■ About this exercise ■
All of the listing must be given again exactly, except that the images are dropped.

■ Records for the task ■
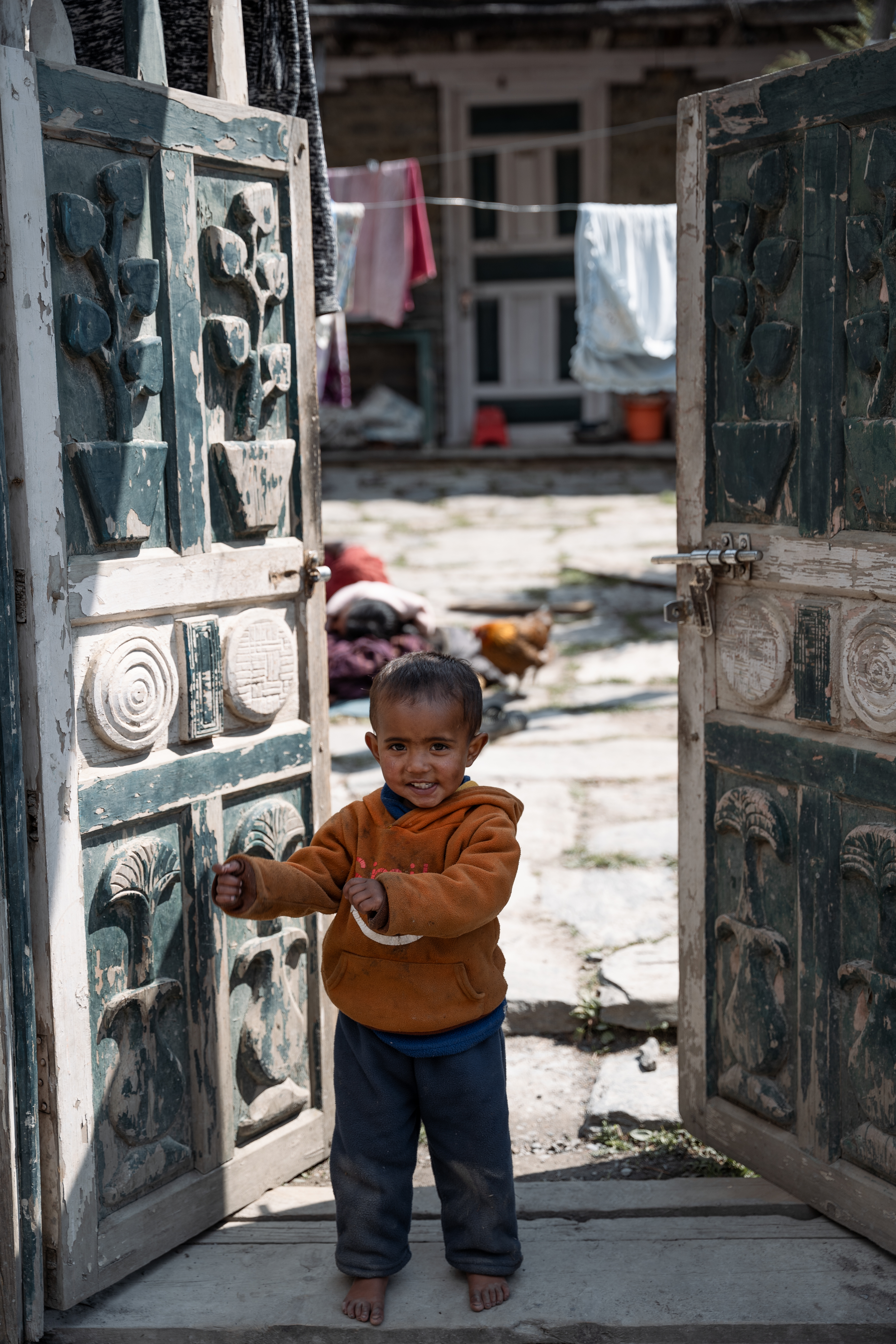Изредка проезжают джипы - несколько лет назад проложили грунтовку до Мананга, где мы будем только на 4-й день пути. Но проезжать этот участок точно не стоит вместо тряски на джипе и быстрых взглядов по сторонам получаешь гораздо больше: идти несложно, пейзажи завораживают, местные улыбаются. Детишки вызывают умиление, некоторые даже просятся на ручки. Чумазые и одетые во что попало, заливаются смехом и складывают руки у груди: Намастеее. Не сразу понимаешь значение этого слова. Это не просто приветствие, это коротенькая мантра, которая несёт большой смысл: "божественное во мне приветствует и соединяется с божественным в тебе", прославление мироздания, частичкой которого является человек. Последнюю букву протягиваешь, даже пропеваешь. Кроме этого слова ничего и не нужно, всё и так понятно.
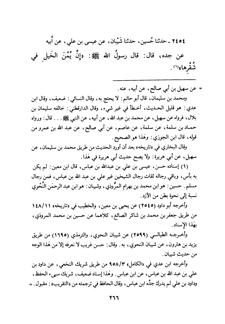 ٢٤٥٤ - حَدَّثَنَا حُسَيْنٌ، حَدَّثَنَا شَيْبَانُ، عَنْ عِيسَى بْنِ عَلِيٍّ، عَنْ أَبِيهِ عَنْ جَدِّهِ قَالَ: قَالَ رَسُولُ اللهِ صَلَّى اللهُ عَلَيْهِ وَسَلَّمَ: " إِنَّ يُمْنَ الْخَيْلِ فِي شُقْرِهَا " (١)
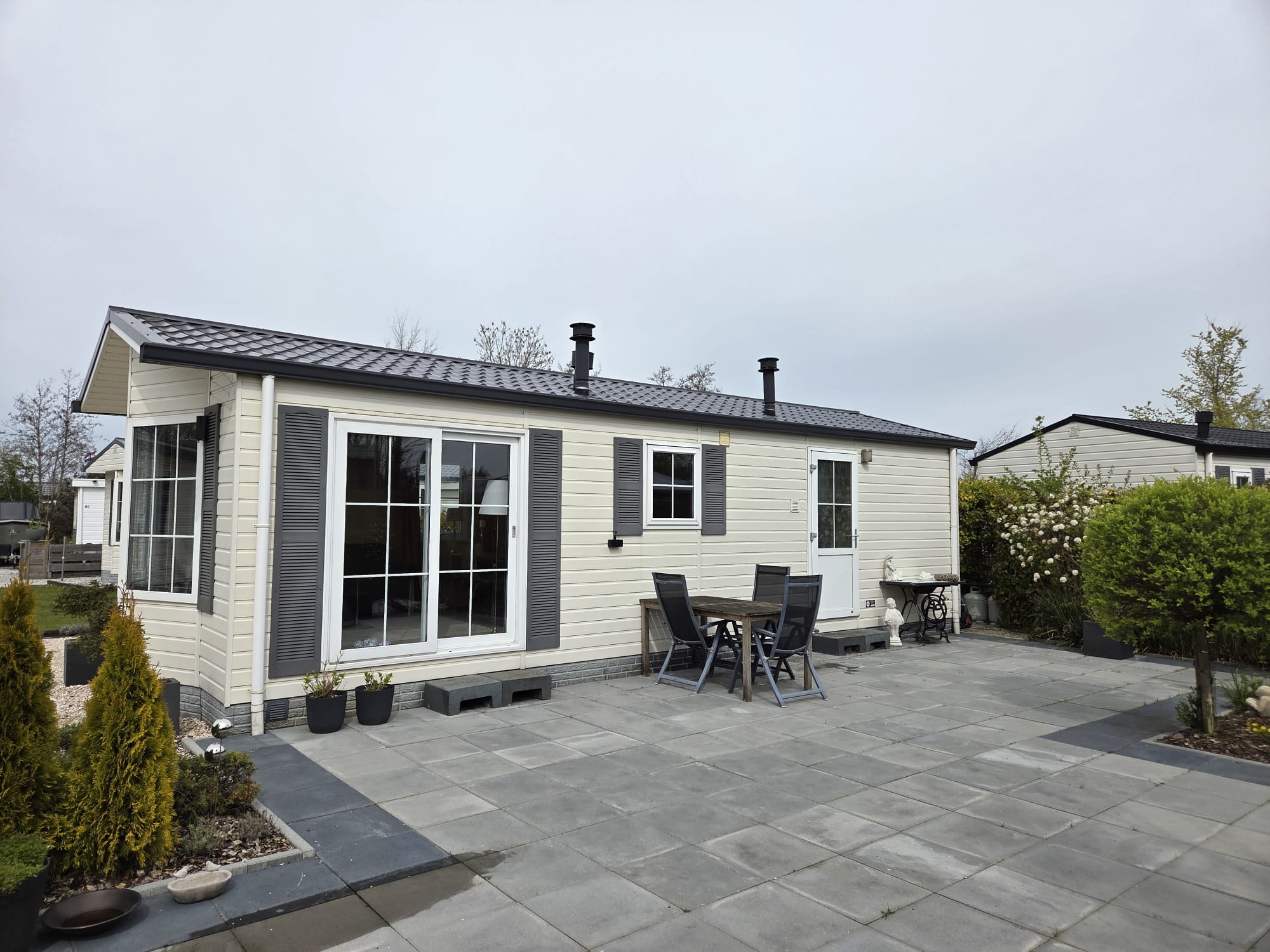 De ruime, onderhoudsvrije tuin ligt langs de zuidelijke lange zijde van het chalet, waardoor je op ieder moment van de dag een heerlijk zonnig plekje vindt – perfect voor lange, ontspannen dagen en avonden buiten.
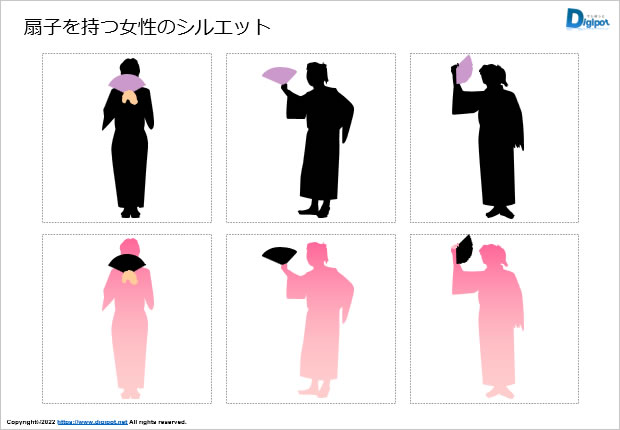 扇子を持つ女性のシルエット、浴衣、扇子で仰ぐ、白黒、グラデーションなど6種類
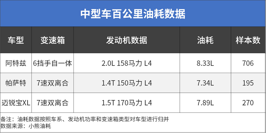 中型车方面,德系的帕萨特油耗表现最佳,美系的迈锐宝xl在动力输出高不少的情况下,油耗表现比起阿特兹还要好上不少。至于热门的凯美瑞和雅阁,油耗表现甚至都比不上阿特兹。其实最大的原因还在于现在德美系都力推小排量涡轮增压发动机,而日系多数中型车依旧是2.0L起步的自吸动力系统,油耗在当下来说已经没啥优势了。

■ Written response ■
Изредка проезжают джипы - несколько лет назад проложили грунтовку до Мананга, где мы будем только на 4-й день пути. Но проезжать этот участок точно не стоит вместо тряски на джипе и быстрых взглядов по сторонам получаешь гораздо больше: идти несложно, пейзажи завораживают, местные улыбаются. Детишки вызывают умиление, некоторые даже просятся на ручки. Чумазые и одетые во что попало, заливаются смехом и складывают руки у груди: Намастеее. Не сразу понимаешь значение этого слова. Это не просто приветствие, это коротенькая мантра, которая несёт большой смысл: "божественное во мне приветствует и соединяется с божественным в тебе", прославление мироздания, частичкой которого является человек. Последнюю букву протягиваешь, даже пропеваешь. Кроме этого слова ничего и не нужно, всё и так понятно.
 ٢٤٥٤ - حَدَّثَنَا حُسَيْنٌ، حَدَّثَنَا شَيْبَانُ، عَنْ عِيسَى بْنِ عَلِيٍّ، عَنْ أَبِيهِ عَنْ جَدِّهِ قَالَ: قَالَ رَسُولُ اللهِ صَلَّى اللهُ عَلَيْهِ وَسَلَّمَ: " إِنَّ يُمْنَ الْخَيْلِ فِي شُقْرِهَا " (١)
 De ruime, onderhoudsvrije tuin ligt langs de zuidelijke lange zijde van het chalet, waardoor je op ieder moment van de dag een heerlijk zonnig plekje vindt – perfect voor lange, ontspannen dagen en avonden buiten.
 扇子を持つ女性のシルエット、浴衣、扇子で仰ぐ、白黒、グラデーションなど6種類
 中型车方面,德系的帕萨特油耗表现最佳,美系的迈锐宝xl在动力输出高不少的情况下,油耗表现比起阿特兹还要好上不少。至于热门的凯美瑞和雅阁,油耗表现甚至都比不上阿特兹。其实最大的原因还在于现在德美系都力推小排量涡轮增压发动机,而日系多数中型车依旧是2.0L起步的自吸动力系统,油耗在当下来说已经没啥优势了。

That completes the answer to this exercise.